Exercise objective: Using the data beneath this instruction, retype only the lines from the one that contains "сообщение для форумов" down to the one that contains "則評價百間樓,相傳是明代禮部", both included, exactly as they appear.
Top of Given records
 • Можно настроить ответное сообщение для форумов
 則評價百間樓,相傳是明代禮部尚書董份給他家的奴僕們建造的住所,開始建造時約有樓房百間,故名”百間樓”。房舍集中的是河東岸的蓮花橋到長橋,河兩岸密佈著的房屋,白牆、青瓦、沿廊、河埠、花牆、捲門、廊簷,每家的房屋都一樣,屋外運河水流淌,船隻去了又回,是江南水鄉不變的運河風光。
Bottom of Given records
Top of Given records
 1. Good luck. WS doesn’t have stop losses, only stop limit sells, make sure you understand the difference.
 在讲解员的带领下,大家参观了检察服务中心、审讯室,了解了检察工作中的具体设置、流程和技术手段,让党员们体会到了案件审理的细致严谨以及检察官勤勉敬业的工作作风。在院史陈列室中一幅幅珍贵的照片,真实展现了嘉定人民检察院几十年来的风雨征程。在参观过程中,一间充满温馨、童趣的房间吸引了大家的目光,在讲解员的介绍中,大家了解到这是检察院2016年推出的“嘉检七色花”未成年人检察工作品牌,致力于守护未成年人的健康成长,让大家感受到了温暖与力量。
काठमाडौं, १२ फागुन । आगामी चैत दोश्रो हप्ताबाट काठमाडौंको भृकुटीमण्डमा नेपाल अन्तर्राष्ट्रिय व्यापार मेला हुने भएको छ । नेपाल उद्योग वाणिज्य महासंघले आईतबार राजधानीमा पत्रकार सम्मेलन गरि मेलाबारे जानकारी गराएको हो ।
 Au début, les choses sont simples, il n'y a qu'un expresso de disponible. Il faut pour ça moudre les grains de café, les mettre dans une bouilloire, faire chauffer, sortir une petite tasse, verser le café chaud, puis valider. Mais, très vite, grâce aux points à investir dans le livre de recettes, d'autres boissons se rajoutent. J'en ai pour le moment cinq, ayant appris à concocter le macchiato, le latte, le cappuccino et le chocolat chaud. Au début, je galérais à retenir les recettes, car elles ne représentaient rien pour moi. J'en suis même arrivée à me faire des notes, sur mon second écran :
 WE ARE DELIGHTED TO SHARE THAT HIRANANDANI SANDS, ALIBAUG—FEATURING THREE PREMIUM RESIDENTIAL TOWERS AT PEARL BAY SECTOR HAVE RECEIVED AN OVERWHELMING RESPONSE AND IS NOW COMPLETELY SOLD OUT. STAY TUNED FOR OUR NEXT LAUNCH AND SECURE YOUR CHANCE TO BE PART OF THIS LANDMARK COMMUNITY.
Bottom of Given records
Answer section:
 • Можно настроить ответное сообщение для форумов
 則評價百間樓,相傳是明代禮部尚書董份給他家的奴僕們建造的住所,開始建造時約有樓房百間,故名”百間樓”。房舍集中的是河東岸的蓮花橋到長橋,河兩岸密佈著的房屋,白牆、青瓦、沿廊、河埠、花牆、捲門、廊簷,每家的房屋都一樣,屋外運河水流淌,船隻去了又回,是江南水鄉不變的運河風光。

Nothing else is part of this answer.